_Required work_
Go to the line with "Around 170 traders" in the entries below and write out every line from there through the line with "The shorter wall of gabions", exactly and without pictures.

_Input data_

★ ★ ★ ★

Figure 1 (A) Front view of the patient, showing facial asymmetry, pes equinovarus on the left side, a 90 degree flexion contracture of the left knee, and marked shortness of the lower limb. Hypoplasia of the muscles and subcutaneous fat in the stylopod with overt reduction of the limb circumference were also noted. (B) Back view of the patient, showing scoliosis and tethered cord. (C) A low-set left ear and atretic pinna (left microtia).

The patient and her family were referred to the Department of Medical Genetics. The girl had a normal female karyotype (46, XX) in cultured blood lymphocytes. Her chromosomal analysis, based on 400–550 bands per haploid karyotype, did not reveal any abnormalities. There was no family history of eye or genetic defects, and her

★ ★ ★ ★

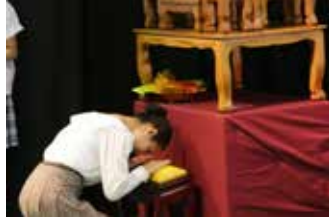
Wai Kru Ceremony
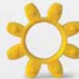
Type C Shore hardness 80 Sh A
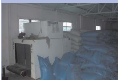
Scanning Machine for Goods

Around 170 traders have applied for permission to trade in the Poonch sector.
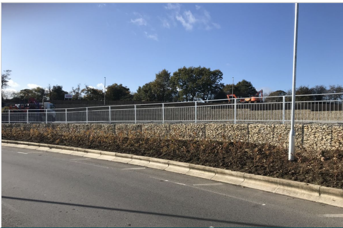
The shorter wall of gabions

★ ★ ★ ★

_Written solution_
Around 170 traders have applied for permission to trade in the Poonch sector.
The shorter wall of gabions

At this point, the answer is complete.